Tim Nation Cofounder and Executive Director |
| PROGRAM SPOTLIGHT
K-12 Programs
The Peace Learning Center Youth Services team will be busy this winter, working with students at every grade level in Indianapolis Public Schools. Through the Peace School program, elementary students at IPS Schools #105 and #302-Center for Inquiry will learn more about community, peace and problem solving this month. The Youth Services works with those students both at their schools and at the Peace Learning Center. Through our partnership with IPS's Alternative Education office, PLC facilitators will help students in 5th through 8th grade explore better emotional control and awareness at four IPS schools: Arlington, George Washington, John Marshall, and T.C. Howe. Most importantly, those middle-grade students will discover how to be better members of their classroom and local community. Our anti-gang programming with Arsenal Tech and Northwest continues this month, as students explore decision-making and values. Through our new work with middle-grade students, as well as our work with Northwest and Arsenal Tech high school, Peace Learning Center has new opportunities to provide long-term programs to students who have both a demonstrated need for conflict management skills and the potential to benefit deeply from our services. PLC's Youth Services team is able to establish stronger connections with and among these students, building community and students' interest in our core messages. Furthermore, the students served are able to build critical life skills that will support them as they work toward graduation and success in life. This work is made possible through several grants and contracts, as well as the support of individual donors to Peace Learning Center.
Corporate & Community Programs 
Corporate & Community Programs has a number of relevant offerings in January and February.
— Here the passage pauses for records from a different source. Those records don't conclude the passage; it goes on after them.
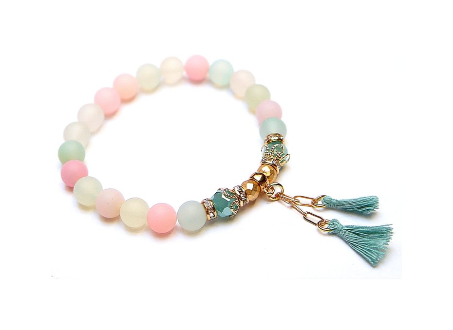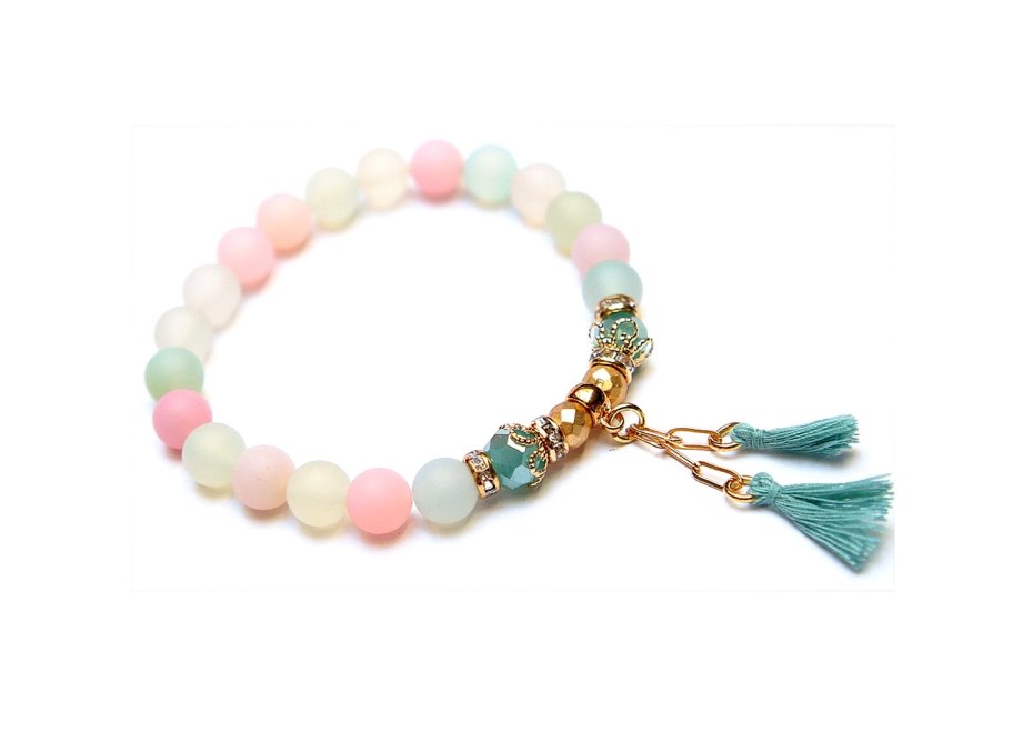 Bransoletka wykonana z naturalnych minerałów - agaty matowe [8mm], kryształki fasetowane [8mm], hematyt fasetowany, platerowany [6mm], chwostów oraz elementów metalowych w kolorze złotym. Bransoletka na gumce silikonowej. Pasuje na nadgarstek 16-17cm. Biżuteria ozdobnie zapakowana.
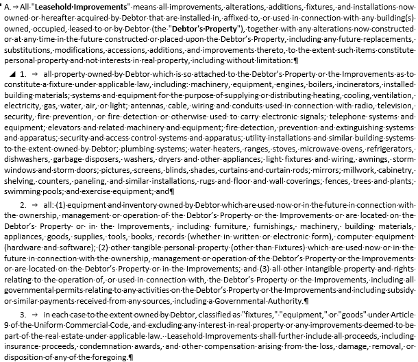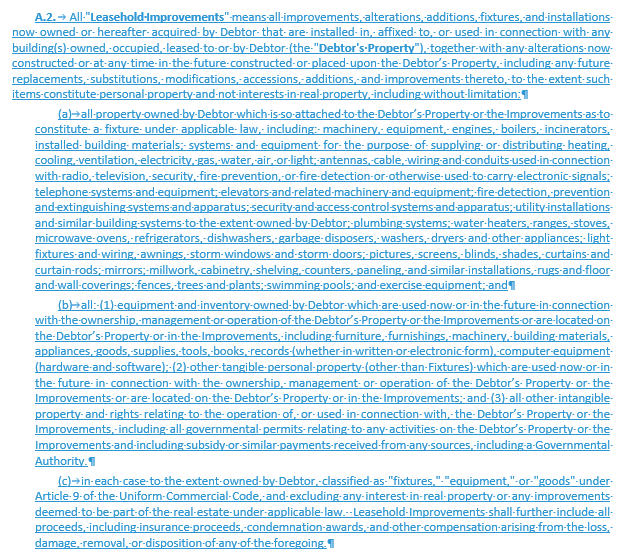 This is a lender taking a claim on the physical stuff borrower added or built inside a rented space: Walls, partitions, counters, built‑in cabinets and shelving, lighting, plumbing, HVAC, wiring, fixtures, security systems. Basically, it’s the improvements that were paid for to make the space work for the business, even though they don't own the building itself. It’s not cash and not easy to sell, it can lose value quickly, if the lease ends, the landlord may keep it and the lender may need landlord permission to access or remove it.
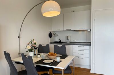 Unsere Irma 28 erstrahlt seit Juni 2023 in ganz neuem Glanz und lädt zu herrlichen Urlaubstagen ein. Die 37 qm große Wohnung ist ideal für 2 Personen geeignet oder für eine kleine Familie mit Kindern bis zu 14 Jahren. Das lichtdurchflutete Wohnzimmer mit integrierter Küchenzeile und Essgruppe ist modern eingerichtet und bietet WLAN, Flachbild-TV und eine bequeme Schlafcouch mit integriertem Lattenrost und Matratze (160 x 200 cm). Sie können sogleich eine Wohlfühl-Atmosphäre spüren. Von hier aus gelangen Sie auf den Balkon, von dem aus Sie einen grandiosen Blick auf die Nordsee und den Strand genießen können. Das Schlafzimmer mit zwei Einzelbetten (90 x 200 cm) und das Duschbad mit Fenster sind klein, aber fein. Schauen Sie sich gleich die Bilder unserer Irma 28 an und überzeugen Sie sich selbst: Eine attraktive Ferienwohnung erwartet Sie!

On January 12, George Okantey with Purdue Extension, Marion County, will lead our Tuesdays at PLC session on Working through Difficult Conversations, where participants will gain skills that encourage spirited dialogue and reduce confrontation and resistance.This session has been so popular that we quickly filled to capacity and have closed registration. However, if you wish to be placed on a wait list, please contact Nancy Larner Ruschman at nruschman@peacelearningcenter.org.
On January 22nd, Peace Learning Center will partner with Leadership Ventures to bring the first-ever Central Indiana Board Chair Summit to Indianapolis. Although this session filled to capacity two months prior to the event, we have now secured a larger venue at the Madame Walker Theatre Center and have re-opened registration to expand this inaugural program to the many people on our wait list and beyond. The focus of the Summit is on bringing board leaders together to learn new practices and share ideas with each other. Our keynote speaker is Brian Payne, President of the Central Indiana Community Foundation; our panelists include current and past board chairs who will share their best advice for handling the role of board chair. Panelists will include Susan BrockWilliams, current president of Big Brothers, Big Sisters of Central Indiana, and former Board Chairperson of the Lacy Leadership Association (LLA); Dick Hester, past Board Chair for Leadership Ventures; Robert Kaspar, Chairman of the Indianapolis Symphony Orchestra and Joseph Simpson, past Board Chairman for the American Red Cross of Greater Indianapolis. In addition, Marnie Maxwell, of Maxwell Associates, will serve as our featured workshop presenter. Click Here to register for this event. More information on the Summit can be found at: http://www.boardchairs.blogspot.com/ . A big thank you to the staff and board of the Madame Walker Theatre for generously donating their space for us to expand this very popular session!
Add more tools to your professional development tool box while donating to a great cause!
We have added two new additions to our professional development offerings in February. All proceeds from the February 3 and February 19 half-day sessions will be donated to Peace Learning Center to invest in the youth of our community.
February 3: From Resistance to Buy In: Successfully Influencing People Who Resist Change, 8:30 a.m.-12:00, $49. Session description: Influencing people who resist change in the workplace requires leaders and co-workers who have the courage to make tough, often unpopular decisions, while creating an environment that facilitates buy-in and staff commitment to change. This session will assist participants with developing an understanding of the six sources of influence and how they can be used to influence others. Peace Learning Center will offer this special half-day program conducted by PLC Associate Consultant, Debra Jarvis. Debra has offered to donate her fees for this session to Peace Learning Center. For more information and to register, click here.
February 19, Peace Learning Center board member Patti Ayars, will offer a session on The Art of Leading Transformational Change, 8:30 a.m.-12:00, $49. This session will teach participants the difference between incremental and transformational change and what it takes to lead successful, sustainable change in an ever changing world. Each participant will receive a copy of Patti's new book, The Art of Leading Transformational Change (a $29.95 retail value). Patti has offered to donate her fees for this session to Peace Learning Center. For more information and to register, click here.
February 24th, PLC will have a fundraiser which will take place at The Center for Inquiry, IPS School #2, from 7:15am - 8:30am. Please attend this fundraiser to support the work we do and learn about all the ways Peace Learning Center has positively impacted the lives of thousands of youth and adults in our community. Register here to attend the fundraiser - this is a free event.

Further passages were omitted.